In brief, Spark has several optional modules that are not distributed as part of the main binary release. One of them is "Spark Kinesis", which contains integration code for Amazon's Kinesis. (Note: here we are not talking about the Kinesis _assembly_
module.) This module is built and distributed as a binary artifact in Maven, however.
It does not itself contain any source or binary code from the Amazon Kinesis client. However, this optional Spark Kinesis module requires the Kinesis client of course. And, the Kinesis client is licensed under the Amazon Software License, which
is Category X.
CAN APACHE PROJECTS RELY ON COMPONENTS UNDER PROHIBITED LICENSES?
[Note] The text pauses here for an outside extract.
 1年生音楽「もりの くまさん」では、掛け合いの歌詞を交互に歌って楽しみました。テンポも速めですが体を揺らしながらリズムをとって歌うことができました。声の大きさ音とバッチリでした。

Apache projects cannot distribute any such components. As with the previous question on platforms, the component can be relied on if the component's licence terms do not affect the Apache product's licensing. For example, using a GPL'ed tool during
the build is OK.
CAN APACHE PROJECTS RELY ON COMPONENTS WHOSE LICENSING AFFECTS THE APACHE PRODUCT?
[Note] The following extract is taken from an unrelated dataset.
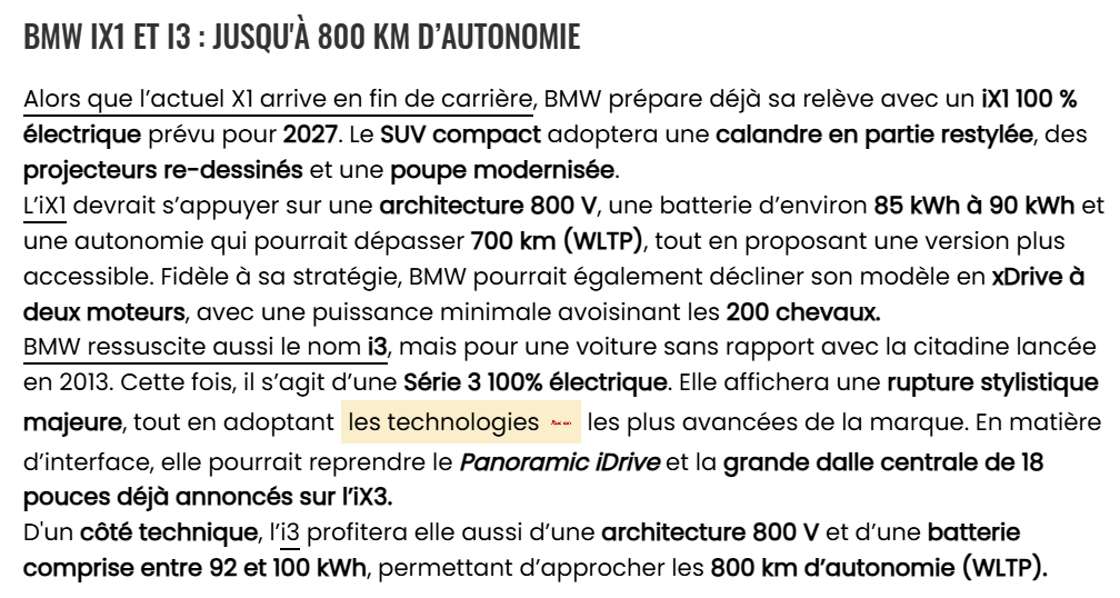 Si les données se confirment pour le futur IX1, ca pourrait me faire basculer en Full electrique pour les voyages. En esperant que ce new IX1 reste sous les 4m50 de longueur. ![]() |

Apache projects cannot distribute any such components. However, if the component is only needed for optional features, a project can provide the user with instructions on how to obtain and install the non-included work. Optional means that the
component is not required for standard use of the product or for the product to achieve a desirable level of quality. The question to ask yourself in this situation is:
"Will the majority of users want to use my product without adding the optional components?"
discusses closely-related but not identical scenarios. For example, there the question is whether ASF projects can distribute
the recompiled binary code of a Category X component, and that's not allowed.
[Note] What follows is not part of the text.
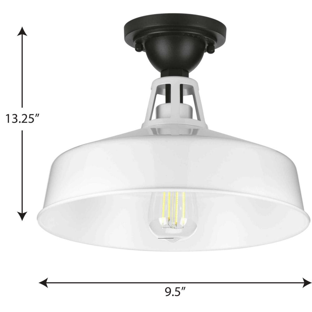 This fun take on the traditional warehouse shade provides excellent task lighting. The generous metal shade is coated in a gorgeous white finish ready to direct a helpful glow. An industrial-style ceiling plate anchors the light fixture in place and adds a touch of urban flair to farmhouse and transitional settings. Dark Sky Friendly.

Here, the licensing does affect the product (it is not just a build dependency).
I see an argument for and against allowing publishing of Spark Kinesis in Maven.
Spark Kinesis is optional with respect to Spark, and thus so is Kinesis client. Publishing it via Maven constitutes providing "instructions on how to obtain and install the non-included work", Kinesis client.
Spark Kinesis is a software product from the ASF in and of itself. If it relies non-optionally on a Category X component, it may not be distributed.
Is there any view on which is more accurate in this context?
If the latter, does this forbid releasing Spark Kinesis in source form too?